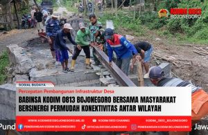 Permudah Distribusi Material Pembangunan Jembatan, Babinsa Kepohbaru Bojonegoro dan Warga Dusun Bakalan Gotong Royong Perbaiki Jalan
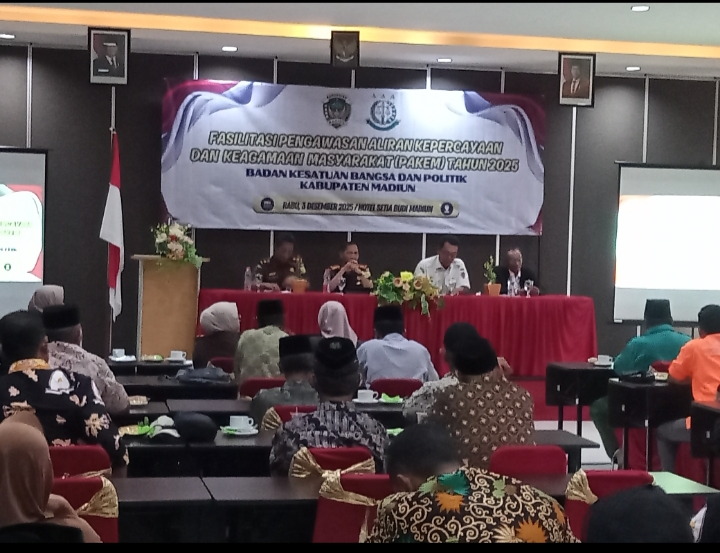 Madiun.Panjinasionalnews.com.Pemerintah daerah Kabupaten Madiun melalui Bakesbangpol Kab.Madiun menggelar Kegiatan Fasilitasi Pengawasan Aliran Kepercayaan dan Keagamaan Masyarakat di Hotel Setia Budi Kota Madiun.Dimana Kegiatan ini dihadiri oleh Kajari Ahmad Hariyanto Mayangkoro,SH, Kepala Seksi Intelijen, Achmad Wahyudi, S.H., M.H ,Ketua MLKI Kab.Madiun Kasno Dwi Santoso sebagai narasumber,dan Plt Sekban Krisbiyanto serta dari unsur organisasi dan kelompok aliran kepercayaan yang berada di Kabupaten Madiun.
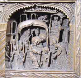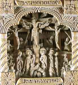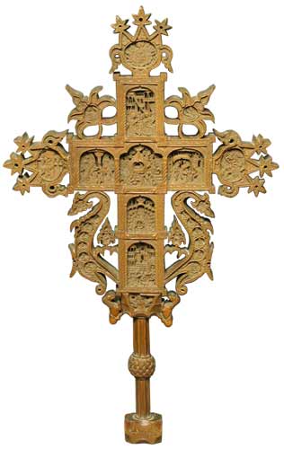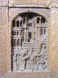 Крест, принадлежащий нашему приходскому музею, двусторонний. Его центральные клейма - двунадесятые праздники, Распятие Христово, Сошествие Святого Духа на апостолов и Воскрешение Лазаря - расположены крестообразно. Во многих из них - удивительно изящные изображения палат с многочисленными арочными окнами, зубчатыми стенами и колоннами тончайшей работы. В расходящихся от креста ветвях, цветах, бутонах и у его основания помещены Святая Троица, Богоматерь "Воплощение" (подобная иконография на Руси получила наименование "Знамение"), Усекновение главы Иоанна Предтечи, видение лествицы патриарху Иакову, пророк Даниил во рву со львами, три отрока в пещи огненной, символы евангелистов и образы праотца Ноя, ветхозаветных пророков и царей, двенадцати сыновей патриарха Иакова, положивших начало двенадцати коленам Израиля, равноапостольных Константина и Елены, преподобных Симеона и Даниила столпников, святителей Николая Мирликийского и Спиридона Тримифунтского. |
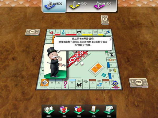 《大富翁2012》有三种难度可供您挑战,一张机遇卡在起点等候你,在努力拔得头筹时候,要记住远离监狱喔。

▸ Work instructions
Your answer should copy the listing word for word, with no pictures in it.

▸ Exercise result
 Permudah Distribusi Material Pembangunan Jembatan, Babinsa Kepohbaru Bojonegoro dan Warga Dusun Bakalan Gotong Royong Perbaiki Jalan
 Madiun.Panjinasionalnews.com.Pemerintah daerah Kabupaten Madiun melalui Bakesbangpol Kab.Madiun menggelar Kegiatan Fasilitasi Pengawasan Aliran Kepercayaan dan Keagamaan Masyarakat di Hotel Setia Budi Kota Madiun.Dimana Kegiatan ini dihadiri oleh Kajari Ahmad Hariyanto Mayangkoro,SH, Kepala Seksi Intelijen, Achmad Wahyudi, S.H., M.H ,Ketua MLKI Kab.Madiun Kasno Dwi Santoso sebagai narasumber,dan Plt Sekban Krisbiyanto serta dari unsur organisasi dan kelompok aliran kepercayaan yang berada di Kabupaten Madiun.
 Крест, принадлежащий нашему приходскому музею, двусторонний. Его центральные клейма - двунадесятые праздники, Распятие Христово, Сошествие Святого Духа на апостолов и Воскрешение Лазаря - расположены крестообразно. Во многих из них - удивительно изящные изображения палат с многочисленными арочными окнами, зубчатыми стенами и колоннами тончайшей работы. В расходящихся от креста ветвях, цветах, бутонах и у его основания помещены Святая Троица, Богоматерь "Воплощение" (подобная иконография на Руси получила наименование "Знамение"), Усекновение главы Иоанна Предтечи, видение лествицы патриарху Иакову, пророк Даниил во рву со львами, три отрока в пещи огненной, символы евангелистов и образы праотца Ноя, ветхозаветных пророков и царей, двенадцати сыновей патриарха Иакова, положивших начало двенадцати коленам Израиля, равноапостольных Константина и Елены, преподобных Симеона и Даниила столпников, святителей Николая Мирликийского и Спиридона Тримифунтского. |
 《大富翁2012》有三种难度可供您挑战,一张机遇卡在起点等候你,在努力拔得头筹时候,要记住远离监狱喔。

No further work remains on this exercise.